ARK-Builders / ARK-Navigator

Android app for navigation through your data
MIT License
15 stars 15 forks source link

#179: Create Rust lib crc32 compute_id #180

Closed sisco0 closed 2 years ago

sisco0 commented 2 years ago

Solves https://github.com/ARK-Builders/ARK-Navigator/issues/179 through Gitcoin.

A Rust-based solution has been developed to perform the computeId function as described in app/src/main/java/space/taran/arknavigator/mvp/model/repo/index/ResourceId.kt . This Rust library defined function (compute_id following Rust naming conventions) takes into account the same assertions and print the same messages as the Kotlin previous one.

Added to the aforementioned, the library build and testing processes have been added as a Github Actions workflow by using the latest Rust stable release. This workflow has been tested locally by using Act but cache functionality should be tested online.
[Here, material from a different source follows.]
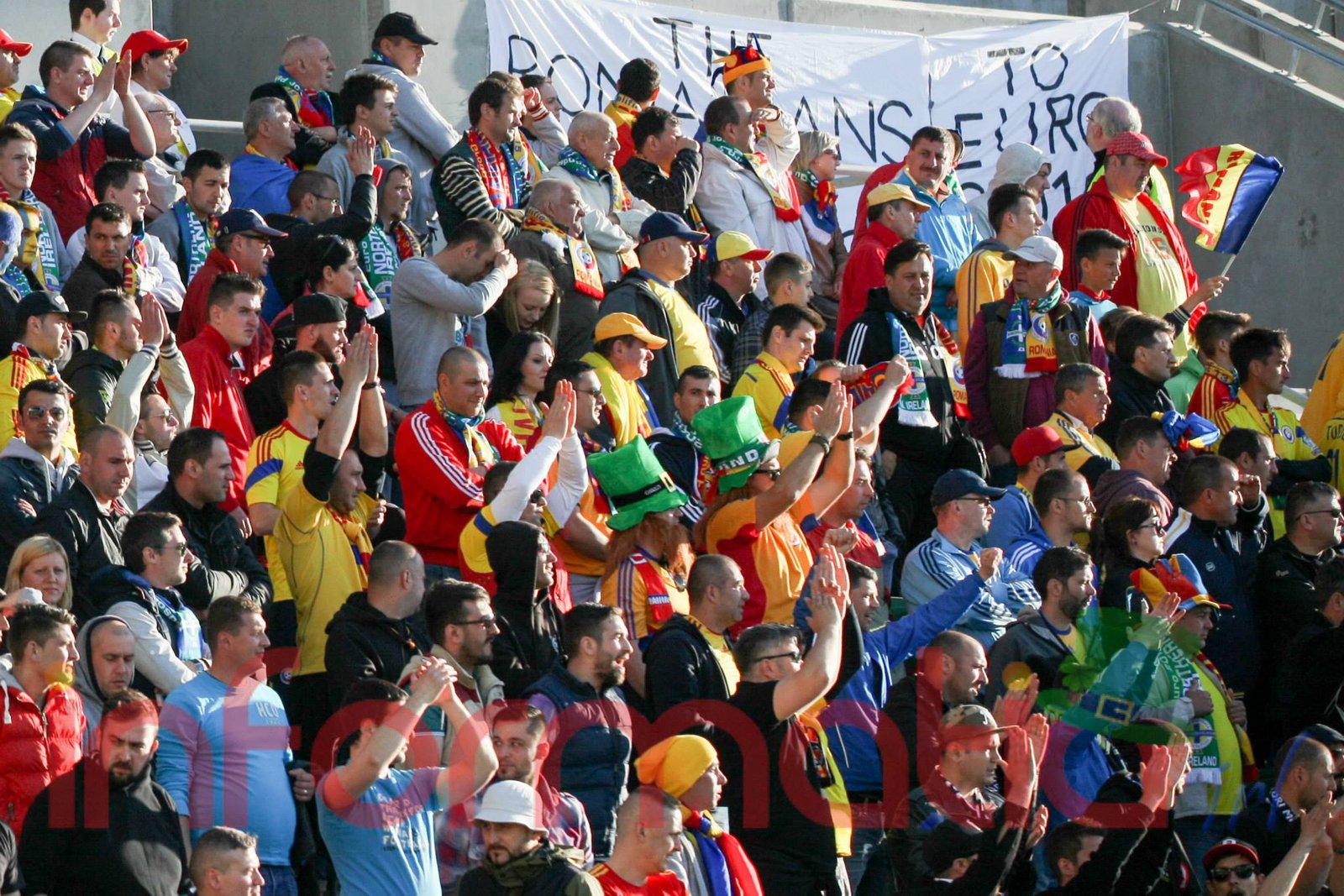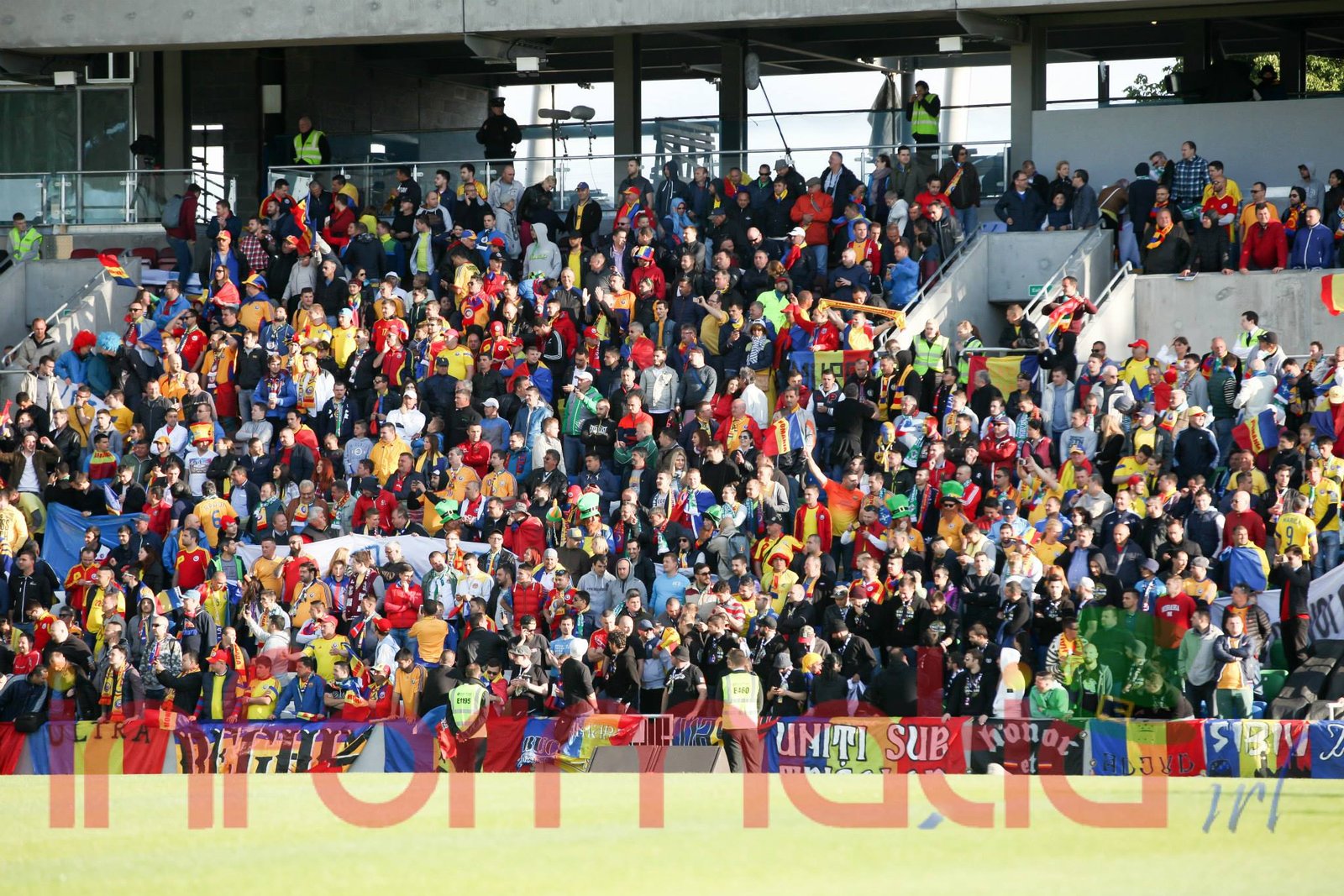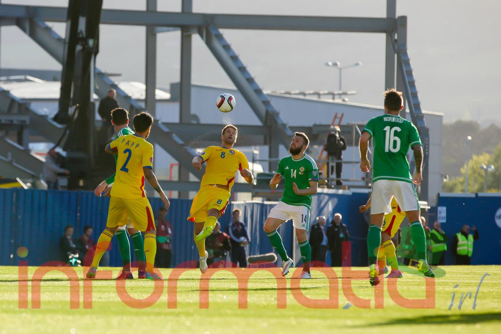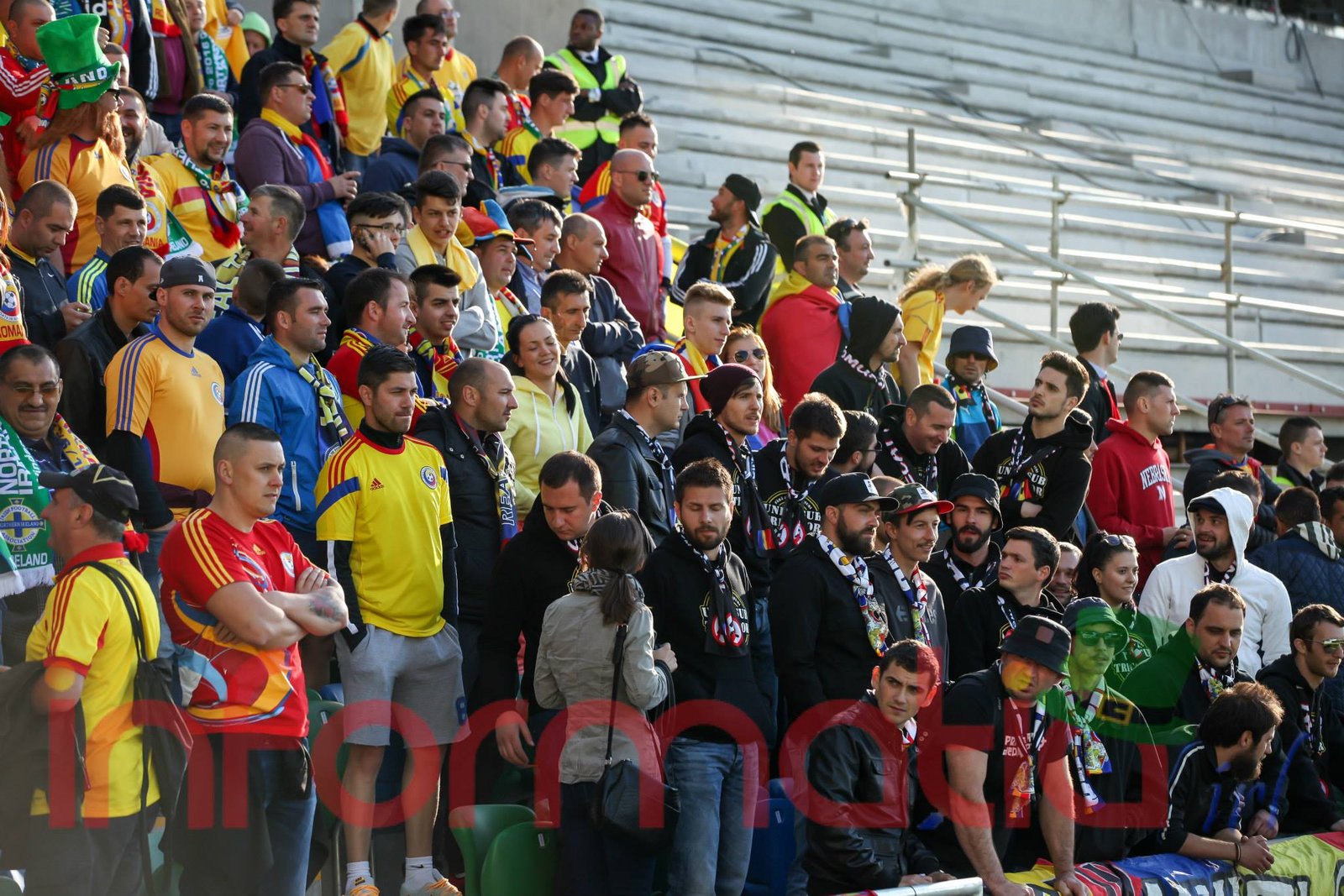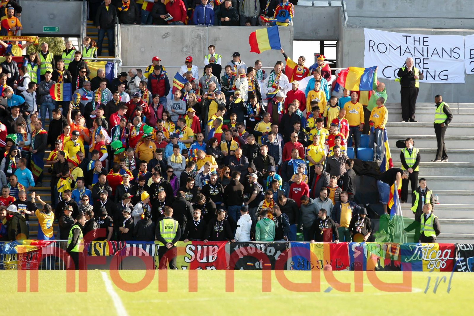 9.39 Jucatorii celor doua echipe ies pe teren, Jucatorii nostri in galben complet, irlandezii cu tricouri verzi si sorturi albe. Acum se canta imnul Romaniei

Please, could you check the functionality is implemented as expected?

sisco0 commented 2 years ago

This PR should not be merged yet, as there is the requirement of going further with the integration and using JNI as stated in Rust Docs. I had an issue where the library is not found in the java library paths for some reason, so I would try to clarify this and hopefully, we could have the native fast .so implementation up and running.

kirillt commented 2 years ago

Thank you @sisco0! Yes, we need integration into the app itself, but this looks like a good start. I'll wait till it's embedded into APK and runs together and will review the code afterwards.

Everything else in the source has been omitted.